Prompt> Leave the pictures out. Retype exactly the lines below from the one containing "醫管局於明天起全面推行公營醫" through the one containing "This means 98.9%", and no others.

[[ Supplied material, beginning ]]

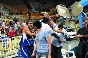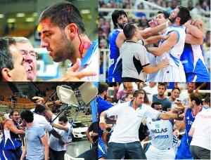 昨天的比賽臨近結(jié)束時,希臘隊當(dāng)時以74比73領(lǐng)先塞爾維亞,隨后雙方兩名無球隊員產(chǎn)生口角,并發(fā)展成肢體沖突。而后發(fā)生了最殘酷的一幕,塞爾維亞隊隊長、效力于NBA雷霆隊的科斯蒂奇卷入沖突,他抓起一把椅子丟向比賽中與其對位的希臘隊中鋒肖特薩尼蒂斯,不料椅子卻擊中因傷坐在希臘隊替補(bǔ)席上的布魯西斯,后者頭部頓時鮮血直流。此后有多名球員卷入此次群毆事件,現(xiàn)場亂作一團(tuán)。據(jù)美聯(lián)社報道,雙方后在球員通道內(nèi)再次發(fā)生斗毆。而就在這起惡性打架事件發(fā)生前6分鐘左右,塞爾維亞隊主帥伊夫科維奇因與主裁判發(fā)生沖突而被吹了兩次技術(shù)犯規(guī),最終被逐出場。
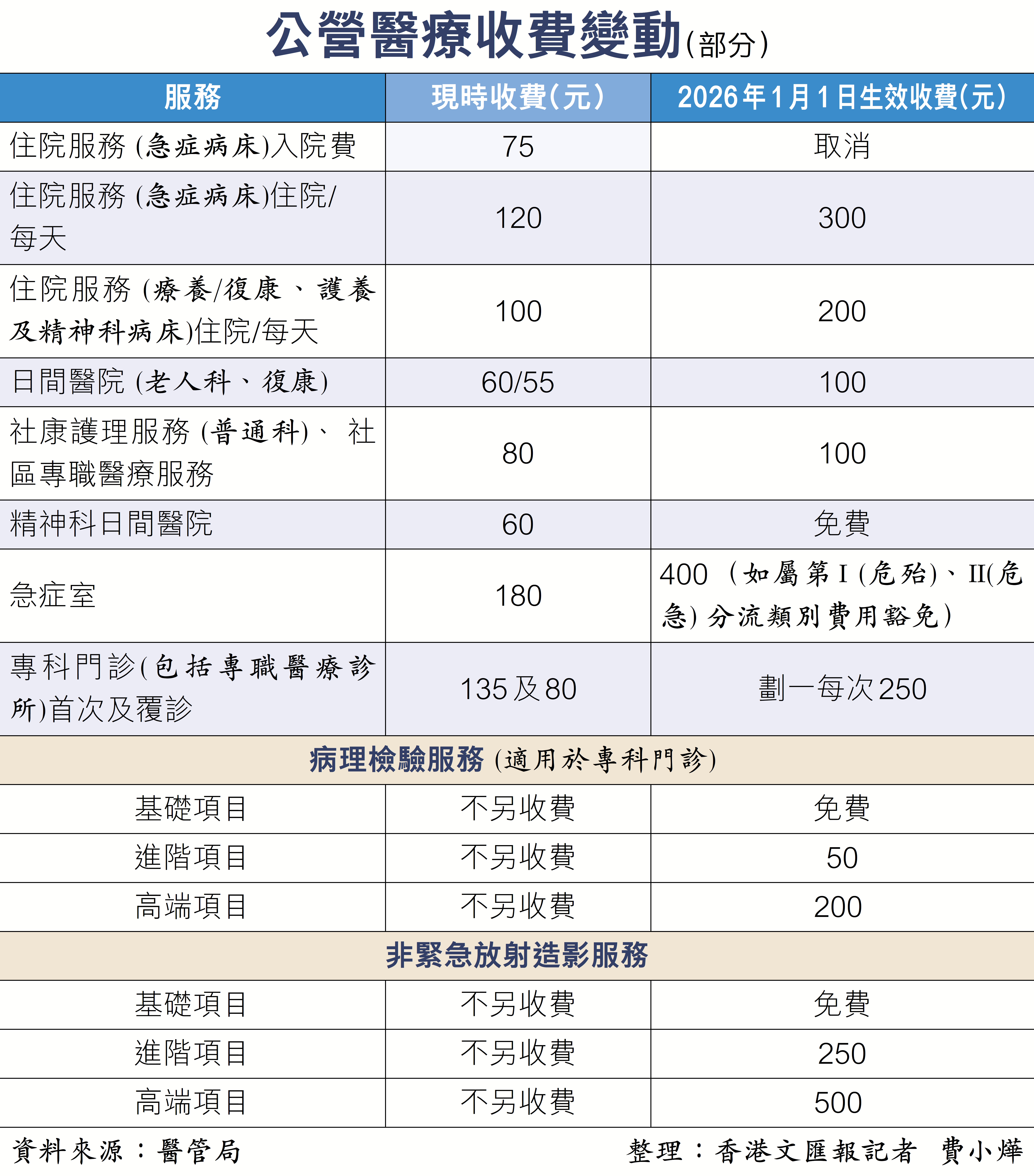 醫管局於明天起全面推行公營醫療收費改革的各項措施,其中急症室收費會由現時劃一收180元改為兩級制,除了危殆或危急病人可獲豁免繳費外,其餘類別的病人,收費一律加至400元,與私家診所收費相若;另外住院服務、專科門診、病理檢驗服務等收費亦有調整(見右表)。
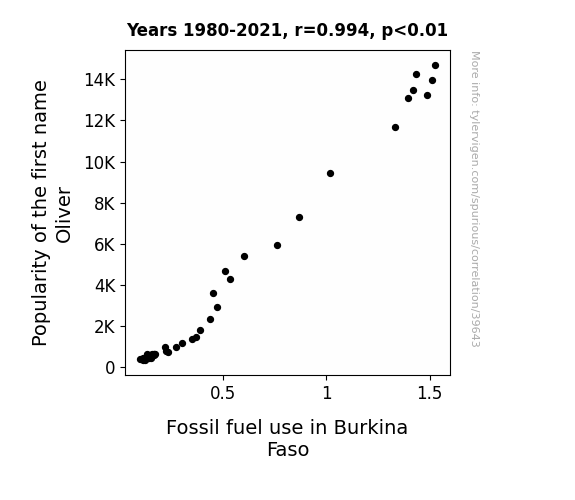 This means 98.9% of the change in the one variable (i.e., Fossil fuel use in Burkina Faso) is predictable based on the change in the other (i.e., Popularity of the first name Oliver) over the 42 years from 1980 through 2021.
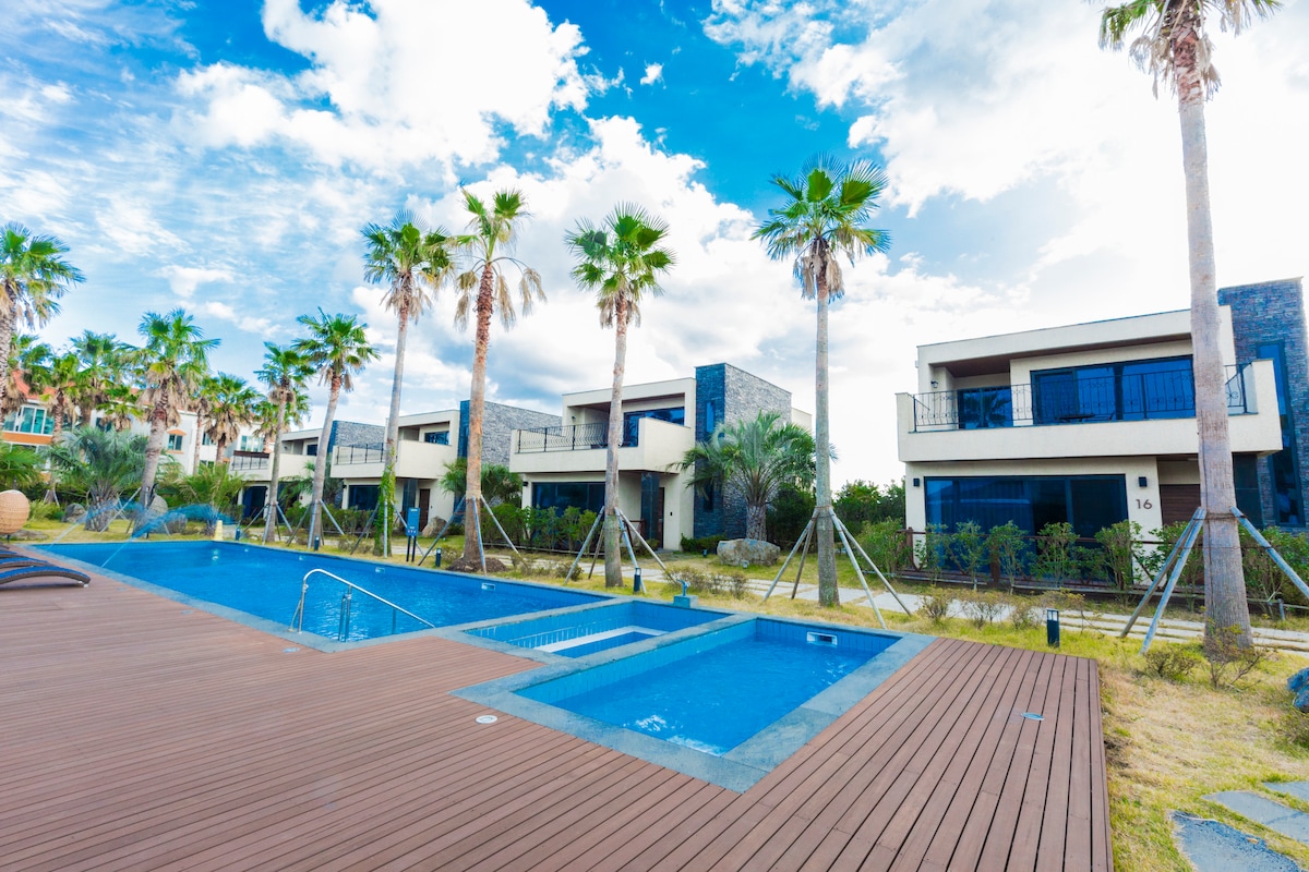 Wimigras, położony przy Wimicoast Road w Seogwipo, to nadmorski obiekt noclegowy z wspaniałym widokiem na morze i dźwiękiem fal z widokiem na Jiguido z plaży Black Stone Beach, spokój na końcu wioski rybackiej i unikalna willa zbudowana przy użyciu kamiennych domów Jeju. Możesz zobaczyć wyjątkową i piękną plażę Wimih Beach z wszystkich pomieszczeń, w tym z salonu, wszystkich pokoi i ogrodu. * Struktura i udogodnienia * Dom ma w sumie 3 pokoje, a każdy pokój ma umywalkę prysznicową Pierwsze piętro składa się z pokoju z łóżkiem i pokoju tatami z materacem, a w salonie i kuchni znajduje się stół do jadalni dla maksymalnie 6 osób oraz LG Standby Me.Do dyspozycji gości jest średniej wielkości lodówka, kuchenka mikrofalowa, czajnik elektryczny itp. Drugie piętro to pojedyncze łóżko w formie sypialni i salonu. Z kanapą, telewizorem itp. Z balkonu można poczuć scenerię Wimi Beach. Ogród kwatery jest podzielony na dwa podwórka, a przed kwaterą znajduje się trawnik i harmonijne dolne podwórko z kwiatami i roślinami.

[[ Supplied material, end ]]

Exercise response>
 醫管局於明天起全面推行公營醫療收費改革的各項措施,其中急症室收費會由現時劃一收180元改為兩級制,除了危殆或危急病人可獲豁免繳費外,其餘類別的病人,收費一律加至400元,與私家診所收費相若;另外住院服務、專科門診、病理檢驗服務等收費亦有調整(見右表)。
 This means 98.9% of the change in the one variable (i.e., Fossil fuel use in Burkina Faso) is predictable based on the change in the other (i.e., Popularity of the first name Oliver) over the 42 years from 1980 through 2021.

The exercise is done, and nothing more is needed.